Scoping out use cases 

Despite the high prioritization placed on customer experience by organizations, it’s often the case that existing customer data isn’t mapped to the design of customer journeys. This risks flying blind when rolling out customer-facing applications and services. The data pulled into a DTO, through the prism of process mining, could serve as a great revealing light for individual customer touchpoints.

Customer journey analysis is a great example. Data from customer touchpoints – which is more readily available through the integration of AI into customer interactions – could be feasibly fed into a DTO to grant visibility of customer-facing operations in real time. This would help transformation leads or even practitioners see where friction and negative customer experiences occur and remedy this by working with relevant customer channel leads. This has the potential to yield high-value insight to inform the overall change backlog.

Another example is the analysis of revenue drivers. Equipped with a DTO, businesses will be able to pivot from retrospective and time-consuming data collection methods to real-time analysis and insight generation. This has the potential to shed light on variables like buying behavior and demand signals that have been opaque to date.

DTOs hold the potential to elevate data-driven decision-making to new levels of sophistication, but they also have great potential for longer-term business planning and scenario modeling. That’s because a digital twin is intended to look and act like the organization but is, of course, separate. The DTO allows end users to simulate a new product launch or user experience changes and test those updates before they’re rolled out. The scope for limiting the risk of customer backlash following such changes is powerful. 

This is, of course, gazing into the future. For the average organization, gaps in the data required to extract full flows of sophisticated processes will persist. As already covered, however, addressing these gaps is becoming increasingly feasible and enterprise-grade platforms are moving towards the integration of telemetry and event analysis with analysis from other sources to act as powerful DTOs that yield strategic insight of the highest value. That’s the promise of DTO.

Enterprise architects emerge as agents of customer-facing change

Enterprise Architects are set to have a major stake in building and advocating for DTOs. This opens up exciting new opportunities for EAs to work more closely with customer experience leads to drive mutual success. Together, they can troubleshoot, harness and drive the collection of data to be fed into the DTO to make a range of customer experience improvements. 

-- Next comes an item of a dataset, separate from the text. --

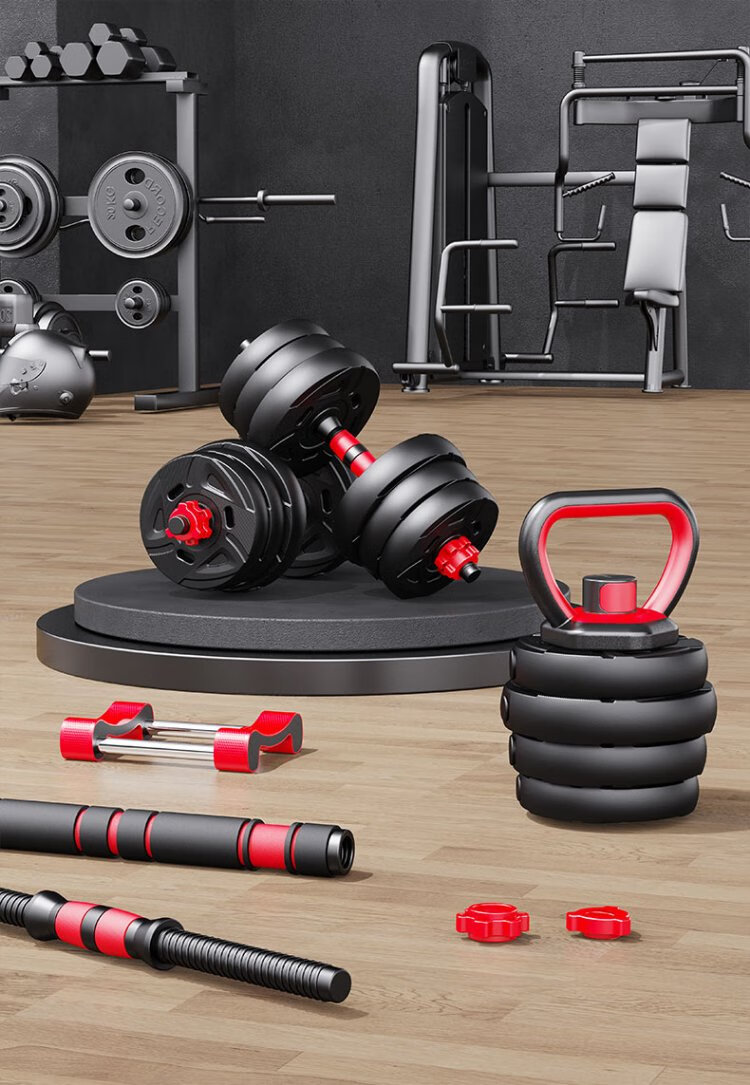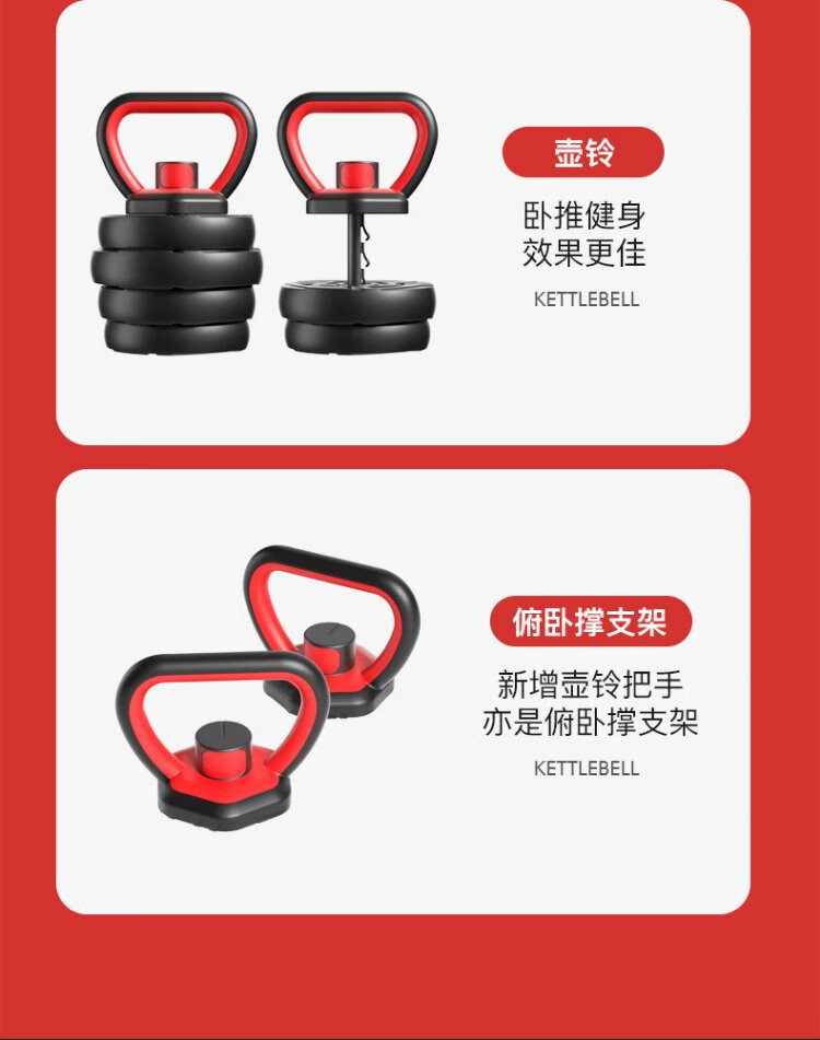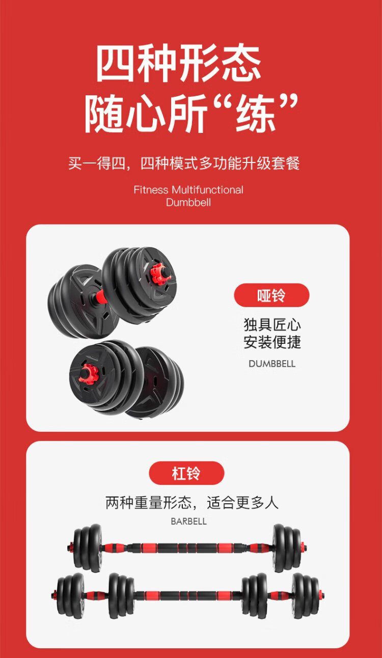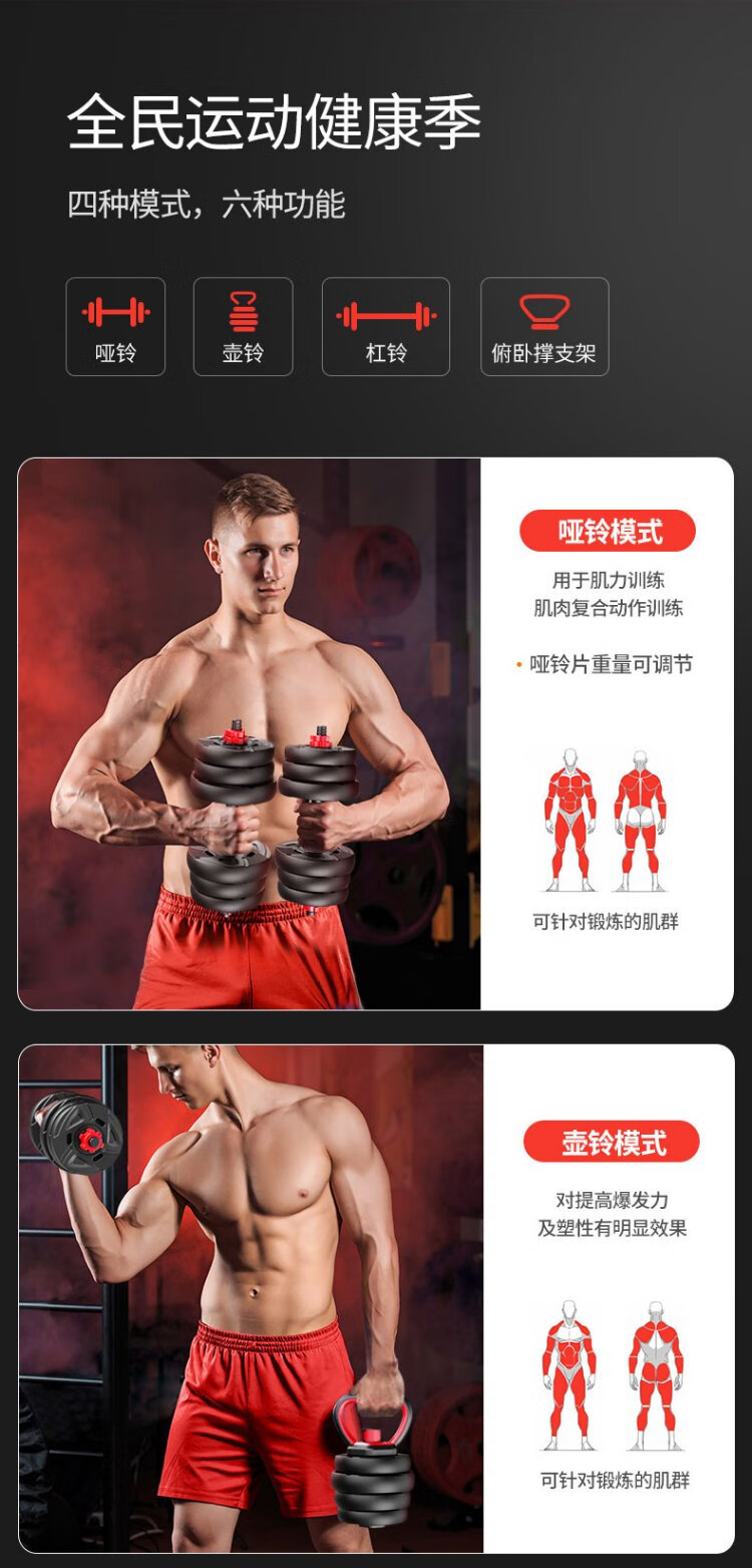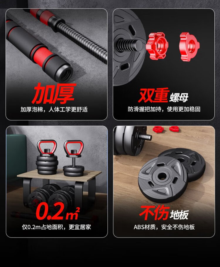 OUNAIDE dumbbell men's fitness household environmentally friendly barbell kettlebell set adjustable weightlifting beginners removable Yaling classic model 20 pounds a pair + seven-fold gift

Business leaders who can see this vision are in a position to advocate for their organization to make a head start by organizing data as much as possible today. An approach to enterprise architecture that’s compatible with data from as broad a range of enterprise applications and services as possible will help facilitate such an exercise that puts organizations on the path toward a DTO.

A missing piece of the puzzle for DTOs to become mainstream is making sense of the masses of telemetry data that a DTO would pull in. This requires embedded AI to sift through the noise to serve insights and recommendations. But breakthroughs in AI and machine learning no longer render such technology integration far-off or abstract. DTOs haven’t hit the mainstream but the barriers to their realization are falling away fast and they no longer exist in the purely theoretical realm. Progressive organizations that want to change how they change should hit the ground running building and learning towards the DTO future.